10. Verfahren (100) gemäß Anspruch 9, wobei zwischen den Schritten (110) des Erkennens ein Zeitintervall variiert wird oder variabel ist, insbesondere wobei im Schritt (115) des Auswertens ein Zyklus, eine Temperatur und/oder Zeitintervall bestimmt wird, an dem ein Wert des optischen Signals (530), ein Anstieg des Werts des optischen Signals und/oder eine Änderungsrate des Werts des Anstiegs des optischen Signals (530) maximal wird.
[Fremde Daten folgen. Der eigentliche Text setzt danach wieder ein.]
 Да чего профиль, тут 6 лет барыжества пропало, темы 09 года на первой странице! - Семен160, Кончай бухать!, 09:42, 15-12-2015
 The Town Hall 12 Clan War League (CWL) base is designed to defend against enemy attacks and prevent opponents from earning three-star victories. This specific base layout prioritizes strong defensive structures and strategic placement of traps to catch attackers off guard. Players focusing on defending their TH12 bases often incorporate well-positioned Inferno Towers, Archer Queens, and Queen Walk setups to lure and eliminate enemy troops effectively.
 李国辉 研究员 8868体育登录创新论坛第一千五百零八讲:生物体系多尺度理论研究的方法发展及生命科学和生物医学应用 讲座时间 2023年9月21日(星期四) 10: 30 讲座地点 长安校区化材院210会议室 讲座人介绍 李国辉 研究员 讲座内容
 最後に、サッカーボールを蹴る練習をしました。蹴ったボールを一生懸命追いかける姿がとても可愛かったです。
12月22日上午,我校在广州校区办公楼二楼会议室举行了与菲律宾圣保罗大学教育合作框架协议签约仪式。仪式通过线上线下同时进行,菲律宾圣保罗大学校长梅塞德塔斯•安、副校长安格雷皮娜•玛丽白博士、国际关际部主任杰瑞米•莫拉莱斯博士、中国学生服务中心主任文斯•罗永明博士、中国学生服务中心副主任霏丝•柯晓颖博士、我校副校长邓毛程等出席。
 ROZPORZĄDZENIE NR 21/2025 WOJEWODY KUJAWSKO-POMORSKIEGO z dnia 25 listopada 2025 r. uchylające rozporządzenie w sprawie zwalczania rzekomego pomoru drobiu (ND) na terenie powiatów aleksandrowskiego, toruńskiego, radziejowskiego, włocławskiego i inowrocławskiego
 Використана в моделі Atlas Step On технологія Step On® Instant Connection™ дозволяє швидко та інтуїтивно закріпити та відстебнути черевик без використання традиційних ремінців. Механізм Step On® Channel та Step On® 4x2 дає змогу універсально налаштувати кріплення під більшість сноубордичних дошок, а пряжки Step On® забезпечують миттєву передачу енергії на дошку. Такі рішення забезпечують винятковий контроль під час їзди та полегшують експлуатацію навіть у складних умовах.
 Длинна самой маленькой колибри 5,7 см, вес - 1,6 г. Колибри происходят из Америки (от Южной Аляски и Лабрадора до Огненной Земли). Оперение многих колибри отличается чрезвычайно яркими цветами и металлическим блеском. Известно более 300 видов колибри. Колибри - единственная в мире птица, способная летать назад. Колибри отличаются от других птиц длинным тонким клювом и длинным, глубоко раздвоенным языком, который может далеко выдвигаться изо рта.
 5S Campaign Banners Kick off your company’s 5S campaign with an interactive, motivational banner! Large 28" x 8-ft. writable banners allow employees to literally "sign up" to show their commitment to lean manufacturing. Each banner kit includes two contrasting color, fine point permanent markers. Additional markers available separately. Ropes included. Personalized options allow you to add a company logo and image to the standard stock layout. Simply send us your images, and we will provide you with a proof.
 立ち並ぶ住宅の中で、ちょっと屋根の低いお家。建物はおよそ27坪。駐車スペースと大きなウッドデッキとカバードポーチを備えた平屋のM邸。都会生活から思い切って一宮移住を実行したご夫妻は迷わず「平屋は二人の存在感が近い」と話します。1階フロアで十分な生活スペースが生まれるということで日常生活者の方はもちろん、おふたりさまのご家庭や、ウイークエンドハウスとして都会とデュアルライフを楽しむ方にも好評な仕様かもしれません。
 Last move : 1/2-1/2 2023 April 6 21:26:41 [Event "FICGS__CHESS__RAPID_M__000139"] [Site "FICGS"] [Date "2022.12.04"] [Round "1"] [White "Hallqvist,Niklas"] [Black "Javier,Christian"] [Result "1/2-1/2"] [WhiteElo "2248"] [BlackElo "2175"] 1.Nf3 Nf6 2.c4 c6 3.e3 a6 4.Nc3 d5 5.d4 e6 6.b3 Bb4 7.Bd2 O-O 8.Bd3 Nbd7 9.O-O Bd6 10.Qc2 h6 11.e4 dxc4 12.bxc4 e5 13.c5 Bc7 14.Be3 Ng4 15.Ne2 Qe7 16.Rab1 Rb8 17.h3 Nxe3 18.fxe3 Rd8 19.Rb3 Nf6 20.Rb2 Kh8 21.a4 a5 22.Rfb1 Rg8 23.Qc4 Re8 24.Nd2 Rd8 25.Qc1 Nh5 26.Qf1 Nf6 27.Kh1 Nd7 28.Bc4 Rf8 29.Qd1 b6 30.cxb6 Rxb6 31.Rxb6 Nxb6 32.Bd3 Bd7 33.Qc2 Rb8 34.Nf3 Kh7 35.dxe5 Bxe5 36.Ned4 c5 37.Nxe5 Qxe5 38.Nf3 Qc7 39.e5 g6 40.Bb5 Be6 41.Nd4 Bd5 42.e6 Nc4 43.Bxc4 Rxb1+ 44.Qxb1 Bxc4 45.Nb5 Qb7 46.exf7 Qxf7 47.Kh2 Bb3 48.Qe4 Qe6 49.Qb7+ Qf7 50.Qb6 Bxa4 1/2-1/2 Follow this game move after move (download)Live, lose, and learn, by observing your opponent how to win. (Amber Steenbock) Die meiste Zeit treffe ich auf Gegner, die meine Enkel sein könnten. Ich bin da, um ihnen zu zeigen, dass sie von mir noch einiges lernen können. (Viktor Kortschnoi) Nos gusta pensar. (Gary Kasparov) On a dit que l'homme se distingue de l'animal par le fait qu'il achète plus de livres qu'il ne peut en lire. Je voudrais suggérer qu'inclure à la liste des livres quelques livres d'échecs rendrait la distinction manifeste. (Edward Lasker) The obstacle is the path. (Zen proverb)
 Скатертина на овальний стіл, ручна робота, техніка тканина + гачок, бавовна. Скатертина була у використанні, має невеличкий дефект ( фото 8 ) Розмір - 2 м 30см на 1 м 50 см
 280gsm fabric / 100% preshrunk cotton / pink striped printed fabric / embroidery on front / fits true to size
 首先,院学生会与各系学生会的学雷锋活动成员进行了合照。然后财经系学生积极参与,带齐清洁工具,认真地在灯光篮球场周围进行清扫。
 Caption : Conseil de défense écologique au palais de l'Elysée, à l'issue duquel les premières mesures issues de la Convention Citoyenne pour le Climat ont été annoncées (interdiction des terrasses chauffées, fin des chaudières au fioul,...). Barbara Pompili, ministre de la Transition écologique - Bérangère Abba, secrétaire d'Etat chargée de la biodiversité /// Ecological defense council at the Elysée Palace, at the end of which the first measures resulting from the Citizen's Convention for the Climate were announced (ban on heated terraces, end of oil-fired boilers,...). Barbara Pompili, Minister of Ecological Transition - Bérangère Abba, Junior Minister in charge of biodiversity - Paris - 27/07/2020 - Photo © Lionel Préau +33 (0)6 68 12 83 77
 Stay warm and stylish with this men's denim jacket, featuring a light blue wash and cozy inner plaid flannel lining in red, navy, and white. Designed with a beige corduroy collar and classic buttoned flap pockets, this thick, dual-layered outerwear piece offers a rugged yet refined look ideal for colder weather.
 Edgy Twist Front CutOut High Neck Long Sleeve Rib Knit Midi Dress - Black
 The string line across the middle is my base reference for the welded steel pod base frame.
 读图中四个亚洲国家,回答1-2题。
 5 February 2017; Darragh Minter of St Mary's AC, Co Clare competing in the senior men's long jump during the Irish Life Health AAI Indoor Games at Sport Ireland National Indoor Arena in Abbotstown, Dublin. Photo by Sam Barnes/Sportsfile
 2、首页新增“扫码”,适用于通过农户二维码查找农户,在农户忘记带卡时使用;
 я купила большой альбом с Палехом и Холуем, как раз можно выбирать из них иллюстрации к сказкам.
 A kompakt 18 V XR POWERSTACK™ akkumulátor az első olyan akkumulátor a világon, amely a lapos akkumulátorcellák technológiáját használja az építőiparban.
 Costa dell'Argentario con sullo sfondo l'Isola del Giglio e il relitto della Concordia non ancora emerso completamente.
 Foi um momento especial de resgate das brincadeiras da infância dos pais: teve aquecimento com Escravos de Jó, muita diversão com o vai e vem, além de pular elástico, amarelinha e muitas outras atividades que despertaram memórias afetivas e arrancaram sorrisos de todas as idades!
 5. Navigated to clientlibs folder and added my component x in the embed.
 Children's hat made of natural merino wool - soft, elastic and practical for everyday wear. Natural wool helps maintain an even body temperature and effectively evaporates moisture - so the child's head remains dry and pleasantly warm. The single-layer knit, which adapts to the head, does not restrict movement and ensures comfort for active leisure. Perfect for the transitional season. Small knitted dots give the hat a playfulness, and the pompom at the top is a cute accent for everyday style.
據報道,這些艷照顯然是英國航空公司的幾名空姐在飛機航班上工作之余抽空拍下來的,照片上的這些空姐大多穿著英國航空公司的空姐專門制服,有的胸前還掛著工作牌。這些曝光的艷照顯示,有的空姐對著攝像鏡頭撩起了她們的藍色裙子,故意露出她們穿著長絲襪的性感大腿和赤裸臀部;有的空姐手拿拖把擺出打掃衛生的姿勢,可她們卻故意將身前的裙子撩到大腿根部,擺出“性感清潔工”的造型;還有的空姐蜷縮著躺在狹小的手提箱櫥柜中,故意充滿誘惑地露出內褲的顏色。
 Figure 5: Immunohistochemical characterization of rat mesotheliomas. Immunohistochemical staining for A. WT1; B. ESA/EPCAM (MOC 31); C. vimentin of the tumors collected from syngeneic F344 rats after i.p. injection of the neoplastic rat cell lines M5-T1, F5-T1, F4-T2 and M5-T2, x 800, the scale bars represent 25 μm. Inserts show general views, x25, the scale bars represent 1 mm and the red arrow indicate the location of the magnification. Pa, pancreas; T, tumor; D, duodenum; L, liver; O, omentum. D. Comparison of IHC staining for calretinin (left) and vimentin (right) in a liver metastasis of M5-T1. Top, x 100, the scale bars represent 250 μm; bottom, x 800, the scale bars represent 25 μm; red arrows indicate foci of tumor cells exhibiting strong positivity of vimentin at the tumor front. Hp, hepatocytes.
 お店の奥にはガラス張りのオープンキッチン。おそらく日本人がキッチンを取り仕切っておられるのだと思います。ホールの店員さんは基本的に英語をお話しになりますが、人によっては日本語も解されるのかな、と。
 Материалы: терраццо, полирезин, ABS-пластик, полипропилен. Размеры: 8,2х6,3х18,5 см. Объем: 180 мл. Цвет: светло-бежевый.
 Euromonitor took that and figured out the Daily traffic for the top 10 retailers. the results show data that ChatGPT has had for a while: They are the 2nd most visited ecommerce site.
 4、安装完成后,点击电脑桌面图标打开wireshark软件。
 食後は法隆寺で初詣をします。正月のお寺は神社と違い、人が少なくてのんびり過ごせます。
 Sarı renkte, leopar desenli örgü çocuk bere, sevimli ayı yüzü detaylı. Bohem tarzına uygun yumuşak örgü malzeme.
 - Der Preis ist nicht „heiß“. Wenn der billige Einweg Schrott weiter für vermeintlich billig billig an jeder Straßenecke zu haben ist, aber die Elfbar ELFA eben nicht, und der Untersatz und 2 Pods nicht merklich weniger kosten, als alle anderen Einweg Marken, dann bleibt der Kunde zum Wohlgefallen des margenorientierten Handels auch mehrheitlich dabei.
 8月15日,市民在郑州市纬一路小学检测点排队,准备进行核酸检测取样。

11. Verfahren (100) gemäß einem der vorangegangenen Ansprüche, wobei bei einem wiederholten Ausführen der Schritte (105, 110) des Verfahrens (100) ein Schritt (105) des Einstellens und ein Schritt (110) des Erkennens zumindest teilweise zeitlich parallel zueinander ausgeführt werden.

12. Verfahren (100) nach einem der vorangegangenen Ansprüche, wobei der Schritt (102) des Aufteilens des Fluids unter Verwendung einer Aufnahmeeinheit mit Kavitäten erfolgt.

13. Steuergerät (500), das eingerichtet ist, um die Schritte (105, 110, 115) des Verfahrens (100) gemäß einem der vorangegangenen Ansprüche in entsprechenden Einheiten (505, 510, 515) auszuführen und/oder anzusteuern.

14. Computerprogramm, das dazu eingerichtet ist, die Schritte (105, 110, 115) des Verfahrens (100) gemäß einem der Ansprüche 1 bis 12 auszuführen und/oder anzusteuern.

15. Maschinenlesbares Speichermedium, auf dem das Computerprogramm nach Anspruch 14 gespeichert ist.